Tuesday, March 3, 2015 - 00:30

RCE vulnerability in Seagate's Business Storage NAS

There is a remote code execution vulnerability in Seagate's Business NAS systems. Which - aside from that - appears to be a true masterpiece of software engineering.

Quite frankly I haven't seen this shit since the end of the last millennium. It's hilarious if you don't own one of them and I don't. The device is powered by vastly outdated software. Apparently it hasn't seen a real update for ages. So far a rather normal issue. But that's just the lever for this exploit. It's not the source. The source is a cookie and as I already mentioned I haven't seen that kind of session authentication for quite some time now. At least in a product that's targeting the business sector.

The product doesn't appear to do any session handling on the device at all. Everything relevant is stored in a cookie on the client. While this cookie is encrypted it's encrypted with a key that's the very same on every device. So even if you don't know the key you can elevate your access rights to admin access by using an authenticated session cookie from a completely different machine. Or in other words.

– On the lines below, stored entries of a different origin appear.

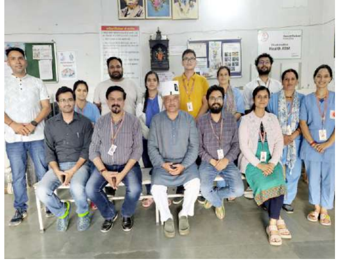
नारायणकोटी चिकित्सालय: कर्नल अजय कोठियाल

28 सितम्बर: माधव चिकित्सालय, नारायणकोटी में कीर्ति चक्र, शौर्य चक्र एवं विशिष्ट सेवा मेडल से सम्मानित कर्नल अजय कोठियाल का प्रवास हुआ। उन्होंने चिकित्सालय का अवलोकन किया और स्वास्थ्य सेवाओं की सराहना की। कर्नल कोठियाल यूथ फाउंडेशन के संस्थापक हैं, जो भारतीय सेना, अर्धसैनिक बल और अन्य सैन्य बलों में शामिल होने के लिए युवाओं को निःशुल्क प्रशिक्षण प्रदान करके उत्तराखण्ड के लोगों के उत्थान के लिए प्रतिबद्ध है। उन्होंने चिकित्सालय के डॉक्टरों व स्टाफ की समर्पण भावना की प्रशंसा करते हुए कहा की वे समुदाय की सेवा में अपना सर्वश्रेष्ठ योगदान दे रहे हैं व आशा व्यक्त की कि चिकित्सालय आने वाले समय में और भी उत्कृष्ट स्वास्थ्य सेवाएं प्रदान करता रहेगा।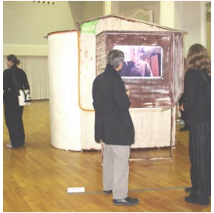
Ausstellungseröffnung Schloss Waldthausen, Installationsbau >liquid home<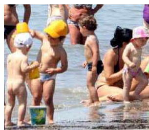
Družine na plaži BONAVENTURA

GRADEŽ Reševalci deželne službe za nujno medicinsko pomoč Sores so včeraj v dopoldanskih urah posredovali na plaži v Gradežu, kjer je dveletni deček tvegala utopitev. Na pomoč je poklicala njegova mama, avstrijska državljanica, ki se je kopala z njim. Dogodek se je pripetil na plaži kampinga Villaggio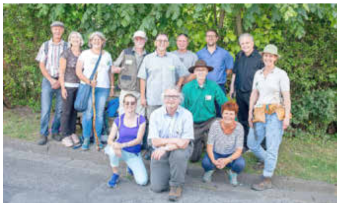
Zwei Prüfungstage, 20 erfolgreich zertifizierte Natur- und Landschaftsführer*innen, mit Vertretern der Prüfungskommission.

Ev. Frauenbund: Thea Bentz, Ortsstr., Tel. 06841 / 8393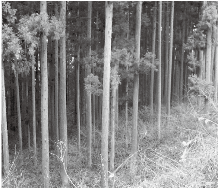
間伐の実施されていない杉林は、対岸の景色も見えず、杉がよろよると林立している。太陽の光がほしいようだ。

質問 熊の侵入経路など獣害対策の総括と来年度に向けては、どのような対策を講じられるのか。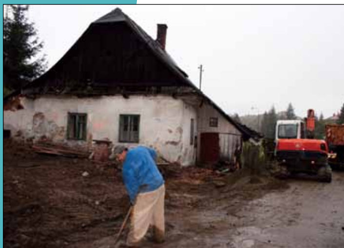
Bourání staré ruiny na ulici Malá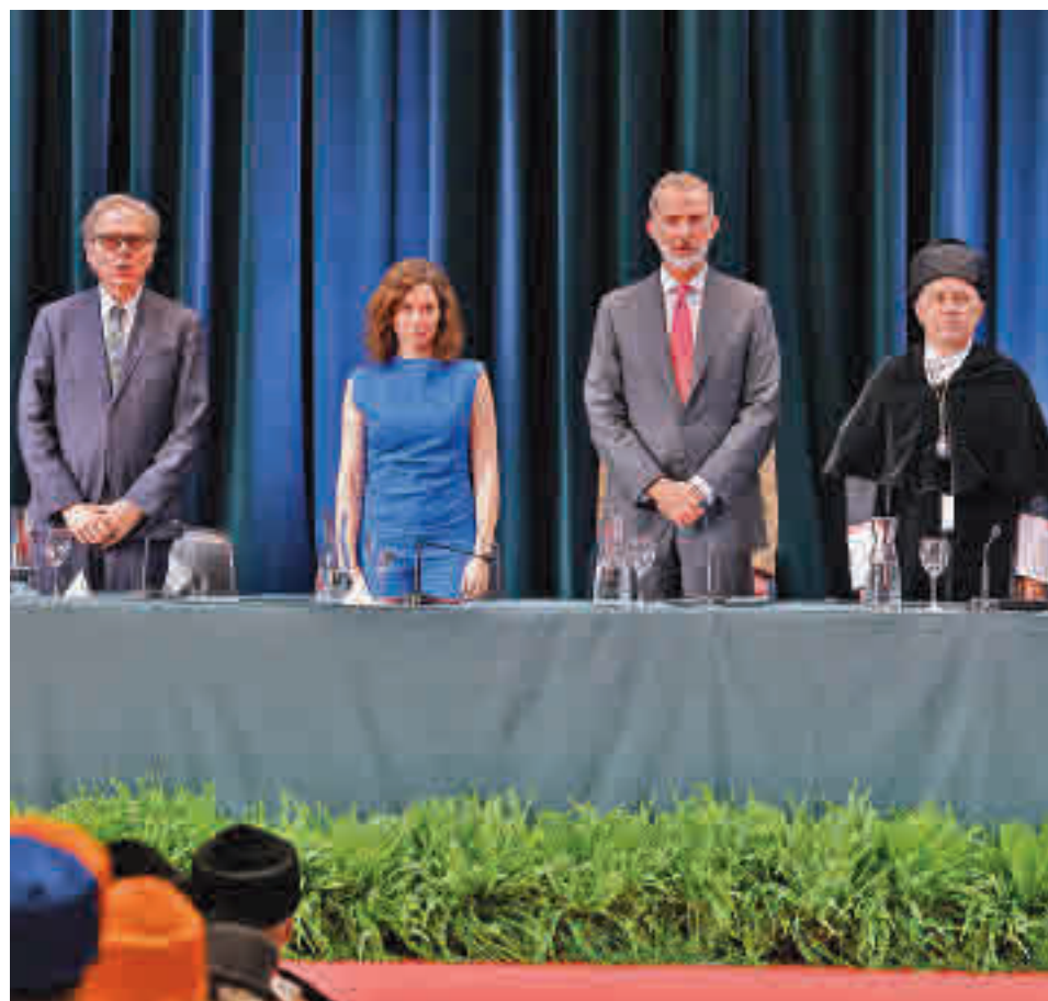
El rey, en el acto de inauguración, junto a Isabel Díaz Ayuso

Para el monarca, los retos a los que se enfrenta "no son solo de carácter normativo, sino también que requieren de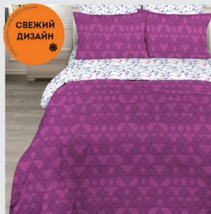
7000 «Кристалл», вид 1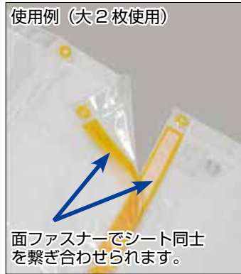
使用例 (大 2 枚使用)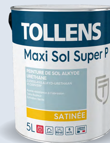
Intérieur et extérieur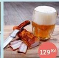
Staročeský bůček k pivu, 400-500 g 129 Kč

Objednejte si online na Scuk.cz/horicenasumave a vyzvedněte na adrese Hořice na Šumavě 11.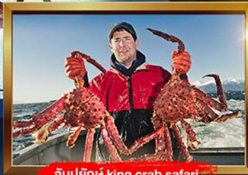
จับปูยักษ์ king crab safari

บินภายใน 2 ครั้ง รวมค่าวีซ่าเชงเก้น+ทิปคนขับรถ+ไกด์ท้องถิ่น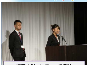
福岡大学ベンチャー起業論 林田さん・村田さん イベント告知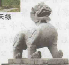
陈文帝永宁陵麒麟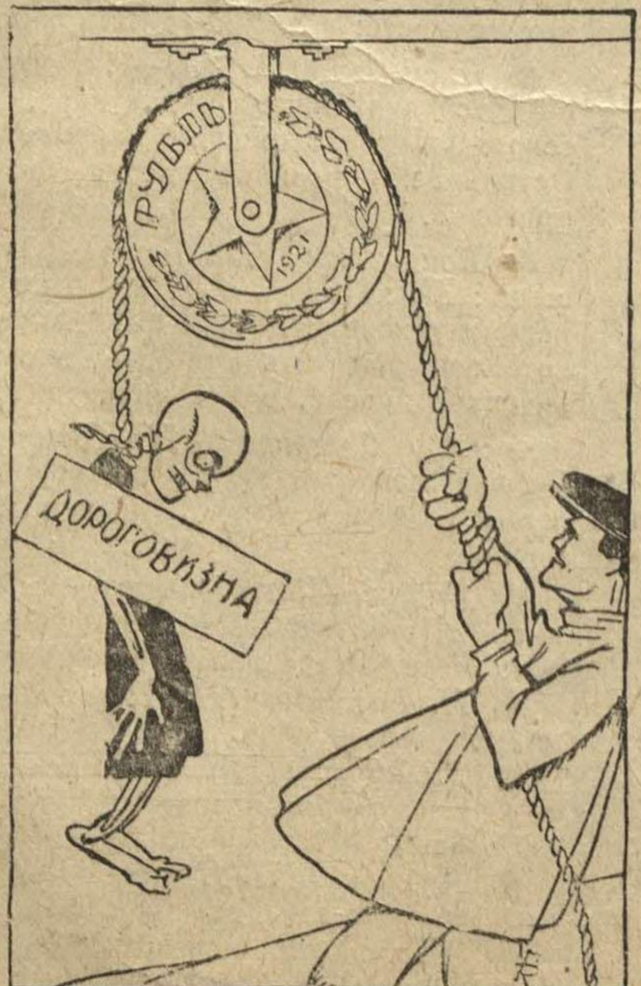
Рабочий — так оно легче будет.

Действие денежной реформы уже сказывается. Цены везде значительно понижены. (Из газет).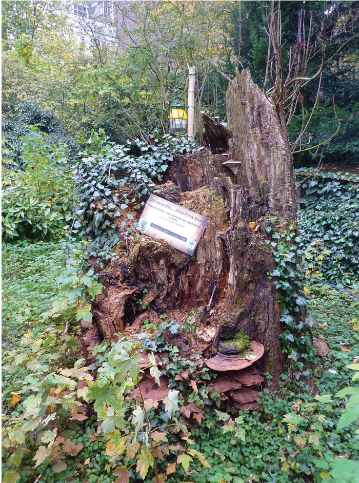
Afbeelding 15 De stromk van de Anne Frankboom met platte tonderzwam (16 november 2012)

genetisch identiek exemplaar (in de context van de Holocaust geen neutrale motivatie), de oorspronkelijke boom moeten vervangen. Verder werden er driehonderd kastanjes opgekweekt: één boom voor elk van de 263 Anne Frankscholen in Europa. Besloten werd om de Anne Frankboom in november 2007 te kappen, en aansluitend de geënte boom ceremonieel te planten. Het kappen ging echter niet door vanwege de vele verontwaardigde en geëmotioneerde reacties die dit besluit opriep, in Nederland en wereldwijd. De strijd om de boom ontwikkelde zich tot een high density event , met een eigen gepopulariseerde cultuur – met de boom als middelpunt – in kinderboeken, strips, cartoons, computerspelletjes, schilderijen,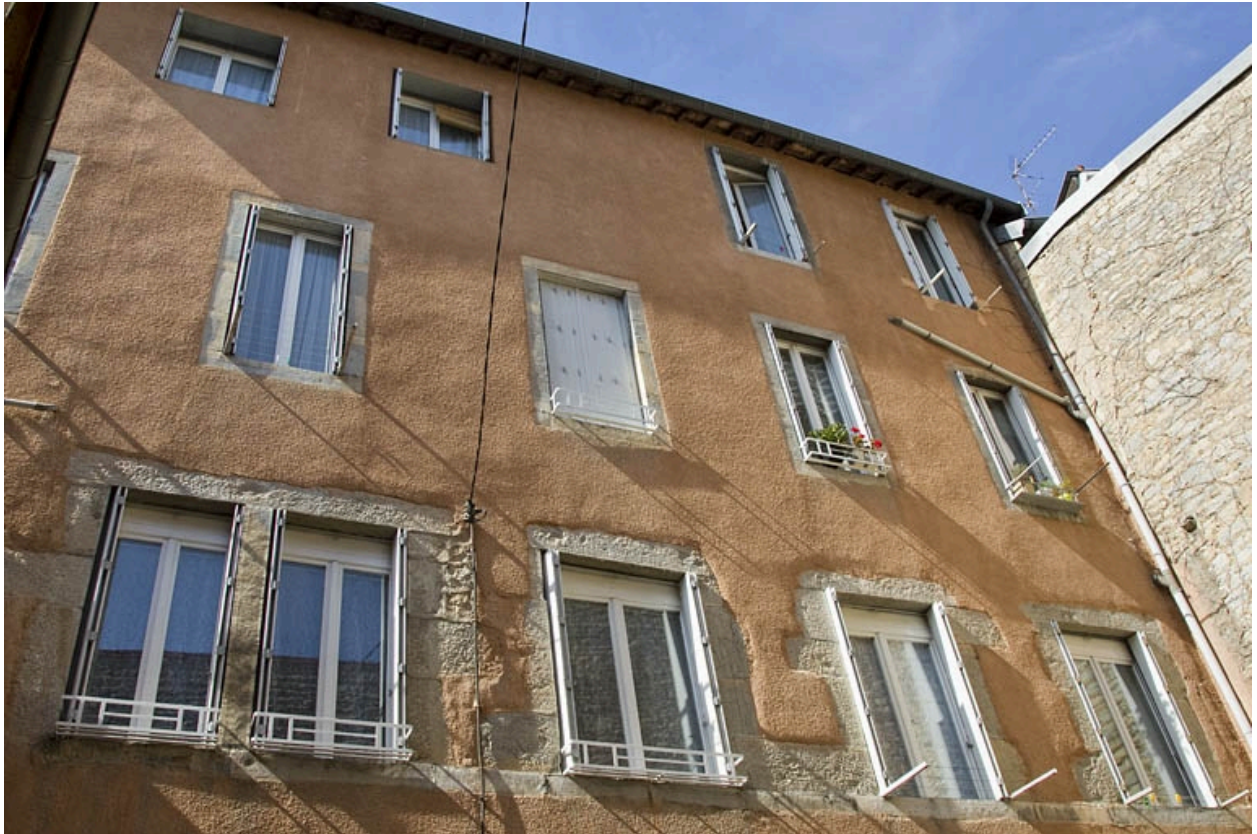
Logis principal : vue d'ensemble de la façade postérieure.

If you're admin on one machine you're admin on all of them.

That said the session encryption can easily be broken and with that everyone can become admin independent of whether he has access to a system with admin privileges or not. You can decrypt the cookie, modify it, and encrypt it again. 

Such a security model was awkward 15 years ago. It's disturbing to see something like that in 2015. Whoever came up with that idea clearly has a problematic relationship with security in general and authentication in particular. While this can be secure it has absolutely no margin for errors. It's simply bad design to let the client dictate whether a user has or has not certain access privileges.

The cookie can also be used for code inclusion. Together with a couple of long fixed foobars on the deployed software you can gain root access and execute code in root's context. Game Over.

If you're interested in the details the entire process is explained over at Beyond Binary. A rather entertaining and not too complicated read.